Тотальная подводная война, объявленная Германией союзникам, служила достаточно серьезным мотивом для отклонения всех моих ходатайств о предоставлении тоннажа, необходимого для отправки в Россию наших бригад.
Русские дела уже отходили на второй план. Сперва о них боялись даже думать, потом стали приглядываться и откладывать в тот долгий ящик, в котором оказывались во Франции все дела, способные нарушить мирное житье политических дельцов.

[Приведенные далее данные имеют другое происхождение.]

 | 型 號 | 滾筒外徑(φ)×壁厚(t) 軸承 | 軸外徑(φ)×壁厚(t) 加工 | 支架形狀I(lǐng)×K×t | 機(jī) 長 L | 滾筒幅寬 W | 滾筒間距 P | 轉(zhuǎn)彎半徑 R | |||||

Начавшееся после апрельского наступления 1917 года затишье на Западном фронте в связи с переброской с нашего фронта германских дивизий предвещало бурю, которая для всех, подобно мне непосвященных в обстановку на фронте, налетела неожиданно.

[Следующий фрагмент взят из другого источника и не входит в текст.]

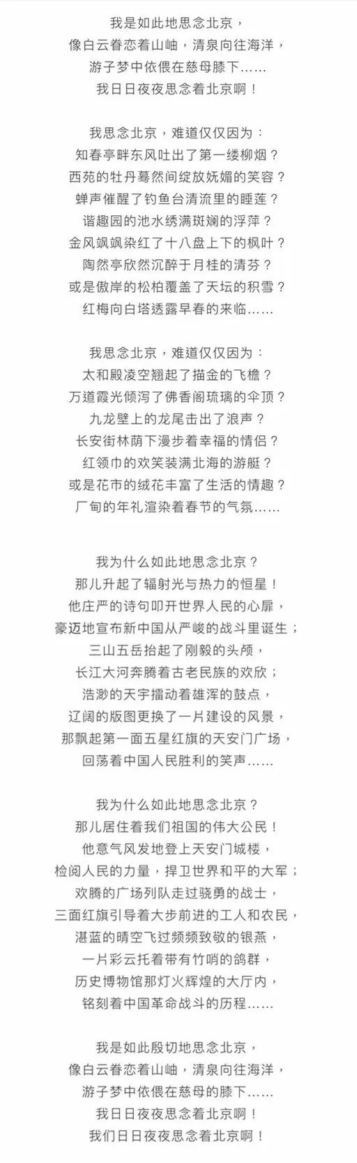 著名演员田水、任伟朗诵《我思念北京》完整视频及文稿

Дело началось в ночь с 23 на 24 марта 1918 года, отмеченную не одним обычным, а тремя повторными воздушными налетами на Париж. Грохот канонады сменялся звоном церковных колоколов до самого рассвета.
В семь часов утра я, по обычаю, встал и пошел взять ванну, но едва занес в воду ногу, как услышал сильнейший, как мне показалось, разрыв бомбы, потрясший окна нашей квартиры на Кэ Бурбон. Сирены, однако, молчали, и мы еще более были удивлены, когда ровно в семь часов пятнадцать минут раздался такой же удар, а в семь часов тридцать минут - третий, несколько более отдаленный.
"Неспроста это дело,- подумал я,- немцы всегда верны себе, и подобное психическое воздействие принято ими, как подготовка к чему-нибудь серьезному на фронте".
Выйдя с женой на набережную, мы убедились, что не только автомобилей, но даже, пешеходов не было видно, хотя воздушной тревоги так и не было объявлено. В это солнечное утро Париж замер от продолжавшихся и никому не понятных сильных разрывов каких-то неведомых бомб.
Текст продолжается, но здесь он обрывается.